◆ What this task involves
Once you find the line below that contains "Wingspan 27-30 mm.", write it out along with every later line exactly as given, stopping only when the records end. Omit the pictures.

Data for the task below:

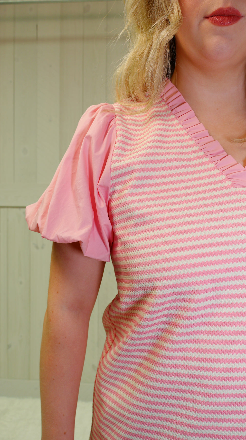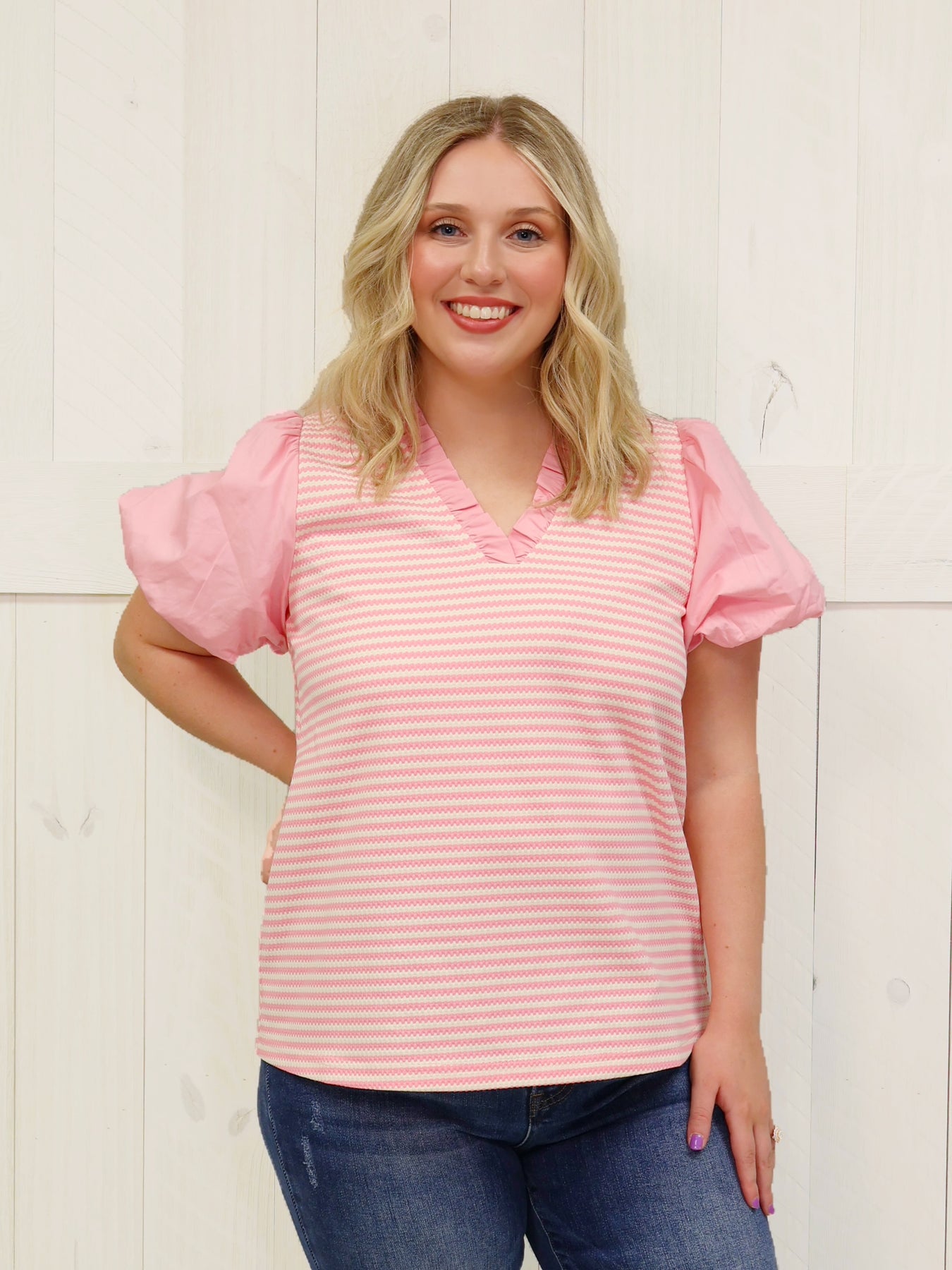 "Upgrade your wardrobe with our Candy Pink Strip Puff Sleeve Top. This trendy top features adorable puff sleeves, adding a touch of feminine charm to any outfit. Made of high-quality material, this top offers both style and comfort. Perfect for any occasion, this top is a must-have for any fashion-forward individual."
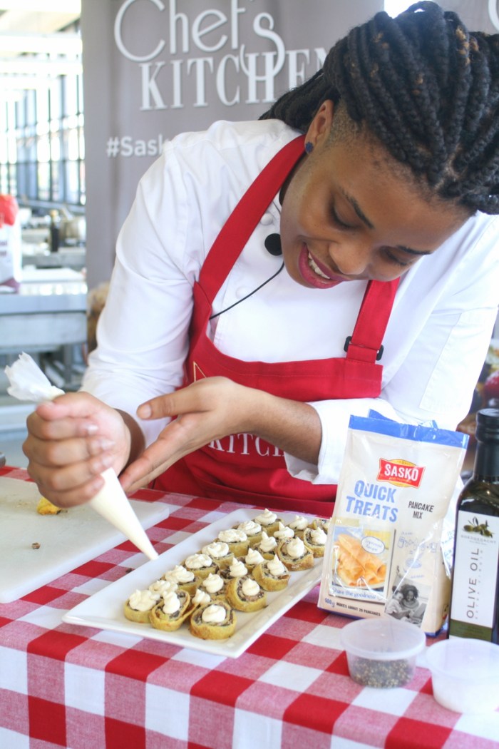 On arrival we were invited to sample delicious canapés made using Sasko products. This was followed by a cooking demonstration, and then a chance to don aprons and get our hands dirty by cooking the recipes ourselves in the S.A. Chef’s Academy kitchen.
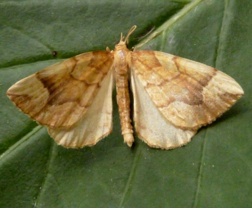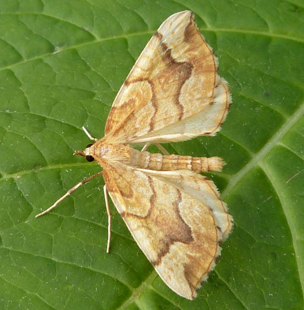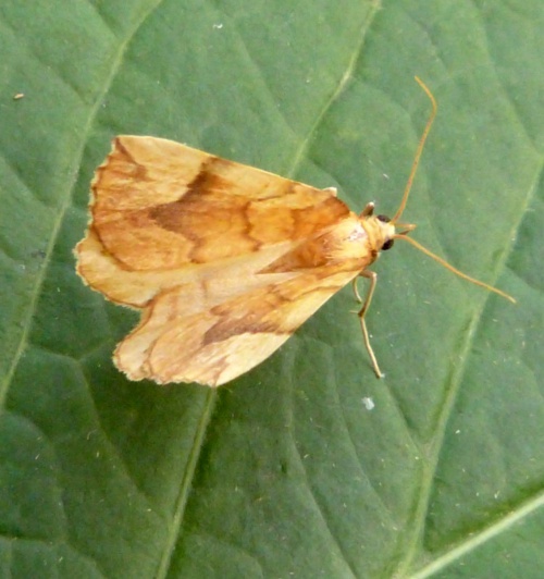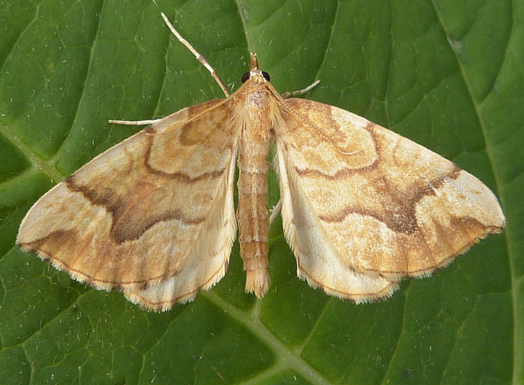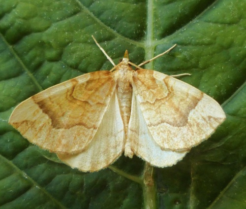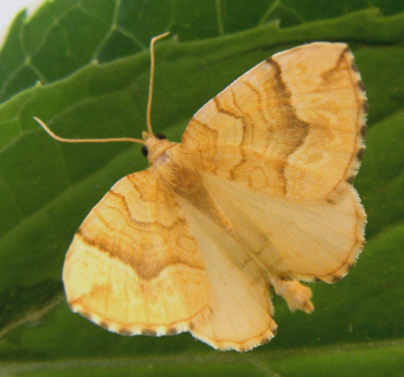 Wingspan 27-30 mm. The straw yellow wing bears a darker central band with one large tooth like projection on the outer edge. The wing fringes are chequered.
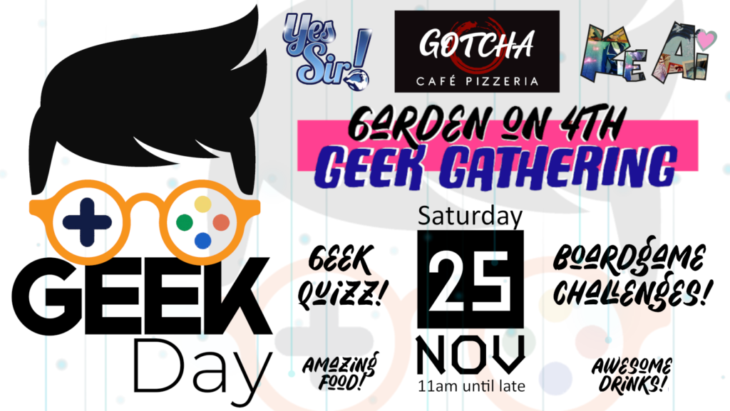 After two successful gatherings in September and October, Gotcha Pizzeria, Yes Sir! Events, and Ke Ai are thrilled to announce its third Geek Gathering at Garden on 4th in Linden.
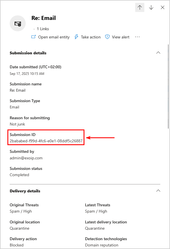 - 在中打開支持請求Microsoft 365 管理中心並添加複制的提交ID到它。確保指導工程師將此支持請求轉發給 Microsoft Defender 團隊,以便他們了解出了什麼問題。
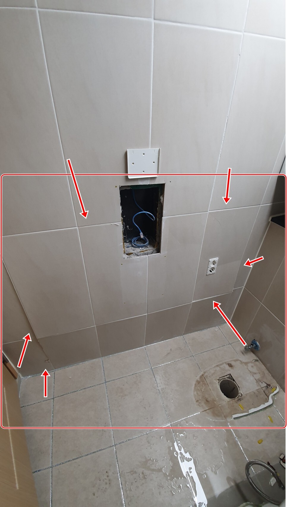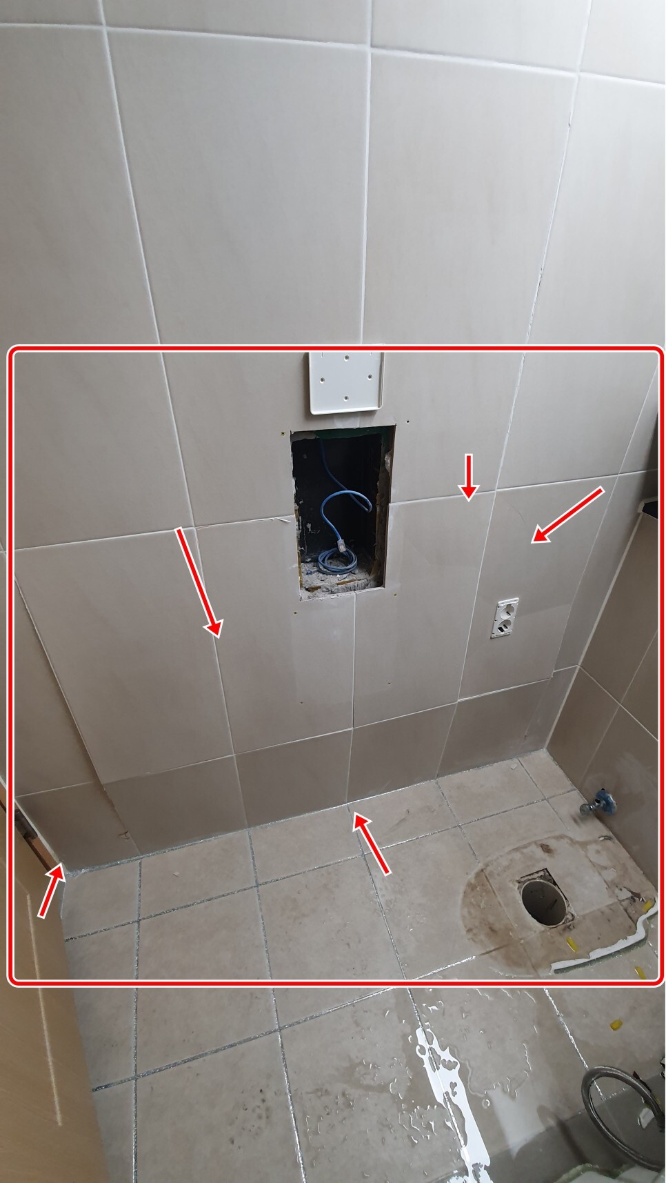 휴지걸이 콘센트등 부속물을 철거후 타일을 철거하고 안을 보니 벽타일 접착제인 몰탈과 타일간의 박리 현상으로 타일들이 앞으로 배가부르고 금이가고 들뜨는 현상이 발생해 하자가 발생했습니다.

End of Data for the task.

◆ Solution for this problem
 Wingspan 27-30 mm. The straw yellow wing bears a darker central band with one large tooth like projection on the outer edge. The wing fringes are chequered.
 After two successful gatherings in September and October, Gotcha Pizzeria, Yes Sir! Events, and Ke Ai are thrilled to announce its third Geek Gathering at Garden on 4th in Linden.
 - 在中打開支持請求Microsoft 365 管理中心並添加複制的提交ID到它。確保指導工程師將此支持請求轉發給 Microsoft Defender 團隊,以便他們了解出了什麼問題。
 휴지걸이 콘센트등 부속물을 철거후 타일을 철거하고 안을 보니 벽타일 접착제인 몰탈과 타일간의 박리 현상으로 타일들이 앞으로 배가부르고 금이가고 들뜨는 현상이 발생해 하자가 발생했습니다.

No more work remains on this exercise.